A block from their hotel, and they stood at another set of traffic lights and Myka’s ribs were sore from Helena’s nudging every time their steps had become out of sync because Myka wasn’t focussing. Now they stood, and she was not getting nudged, but rather nuzzled as the afternoon chill picked up and the sweeping past of cars blew colder air onto their faces, and Helena sought to hide herself.

She was pressed against Myka’s arm, her own hand now interlaced with the other woman’s and her other gripping at her bicep. Her eyes stung in the cold air from tears shed and still unshed, and she could feel the stain of those that had broken free on her cheek. Rubbing that cheek against Myka’s shoulder, she felt the taller woman turn to look at her by the way her wayward curls tickled across her forehead. She tilted her head up, and she didn’t know if it was from knowing the feeling of such tears as well, or from the happy moment of that painting, but either way they were both lost in those few seconds before the traffic stopped and they held up the pedestrians.

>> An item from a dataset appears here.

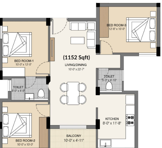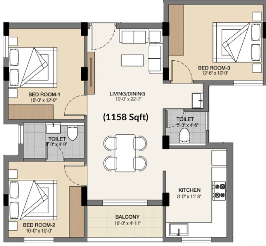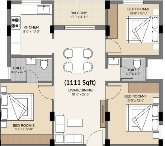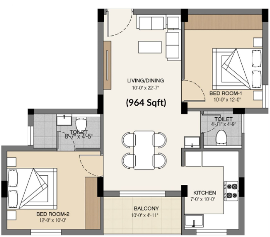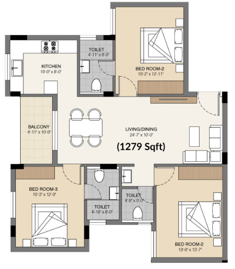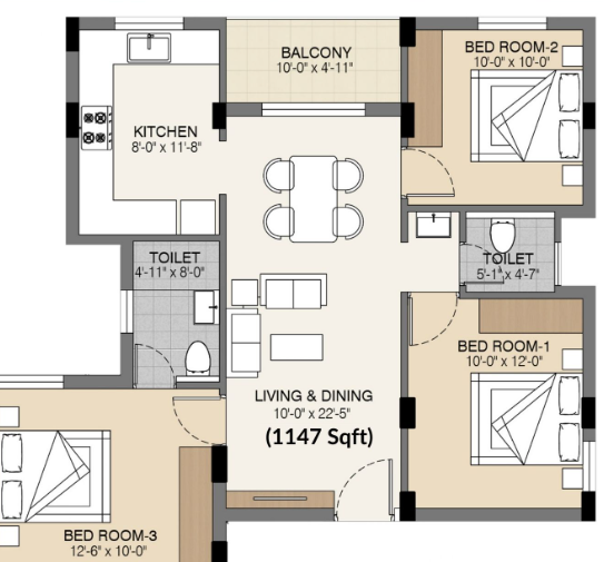 Unit sizes of the Pearl Elita ranges from 964 - 1279 Sq.Ft .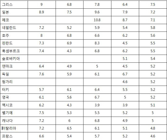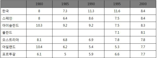〈표 3〉OECD 국가별 GDP에서 건설업이 차지하는 비중(1980~2000)

The cars across the roads slowed and the people around them prepared to step off onto the crossing, but Helena’s eyes were on Myka’s as Myka’s eyes were on hers, and then on her lips as she leant down and pressed a whispered kiss to them. The city of love and its lovers didn’t seem to mind, happily passing around them to cross as they stood, lips pressed lightly to each other, the wind in their hair and their hands holding.

And then it was over as softly and slowly as it had happened and they crossed the street in the last few rings of the crossing light. A few more steps, still as tightly latched to each other as ever, and they reached their hotel and sighed thankfully at the warm stillness upon walking into the lobby. They took the elevator back up to their room, and would’ve continued to hold onto each other if it wasn’t for them now feeling exceptionally warm through their thick woollen coats. They were discarded upon entering their room and the wine was put into the fridge for later. Helena suggested opening it already, just for a little happy hour drink, but Myka offered instead to treat them to a drink at the hotel bar, as it was a rather flash place.

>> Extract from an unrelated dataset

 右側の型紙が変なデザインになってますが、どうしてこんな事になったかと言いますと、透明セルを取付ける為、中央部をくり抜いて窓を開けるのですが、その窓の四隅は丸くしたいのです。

It was not yet sunset, and so they spent the next hour relaxing and resting their feet, lounging on their queen-sized bed without boots or socks, spreading their toes to stretch them and air them, and flicking through various international news channels until they settled on an afternoon cartoon network. Myka left it on that to appease Pete, even though he was not there, but Helena didn’t mind. She was quite content to simply be in possession of the artifact, and in at least slight control of her emotions. Her contentedness ran to her lips too, of which she was constantly biting gently in memory of Myka’s lips being there.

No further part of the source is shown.